As it's important for the system tests to be quick and simple, the workaround like xpack.ingestManager.fleet.pollingRequestTimeout: 60000 doesn't seem to be the right choice. We appreciate any optimization on the path here to make the test execution shorter.

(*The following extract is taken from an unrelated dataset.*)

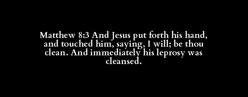 Matthew 8:3 And Jesus put forth his hand, and touched him, saying, I will; be thou clean. And immediately his leprosy was cleansed.
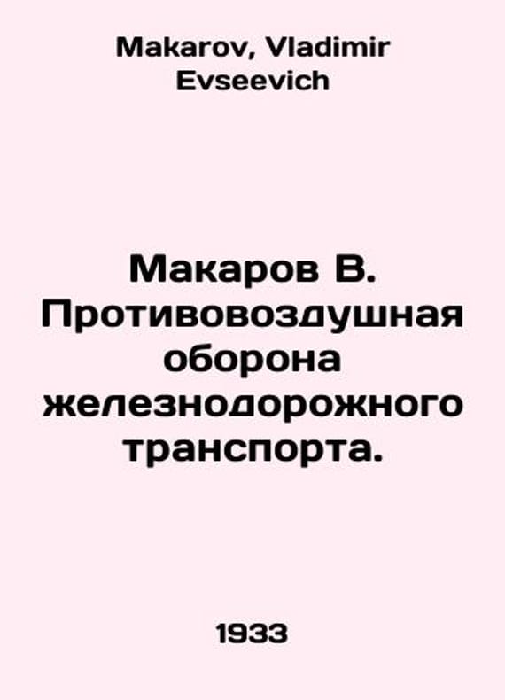 Makarov V. Air Defense of Railway Transport. In Russian /Makarov V. Protivovozdushnaya oborona zheleznodorozhnogo transporta. L. KUSTNAS PVO 1933. 304s. We have thousands of titles and often several copies of each title may be available. Please feel free to contact us for a detailed description of the copies available. SKUalb6706893258890479.

@mtojek mtojek added the Team:Fleet Team label for Observability Data Collection Fleet team label Sep 16, 2020
@elasticmachine
Copy link
Contributor

Pinging @elastic/ingest-management (Team:Ingest Management)

@EricDavisX
Copy link
Contributor

are we sure the policy isn't applied? a lack of data may be related to a lack of activity on the host possibly? I don't think we're not seeing this in manual usage or other e2e tests. @mdelapenya has helped set up the Agent / Fleet e2e and he could help discuss our usage if desired.

@nchaulet
Copy link
Member

I do not thing the fleet checkin timeout is the issue here, the timeout is used in the checkin if there is no config change. If there is a config change the checkin will be immediate. If there is a config change the request will be the timeout duration.

@mtojek
Copy link
Contributor Author

mtojek commented Sep 16, 2020

are we sure the policy isn't applied? a lack of data may be related to a lack of activity on the host possibly?

In our setup everything is in place - in this case sample access logs. Once the filebeat picks the config and starts processing files it is matter of seconds.

@ph
Copy link
Contributor

ph commented Sep 16, 2020

as noted from @nchaulet the change should be immediate, I would be assuming the action_store has indeed the latest config.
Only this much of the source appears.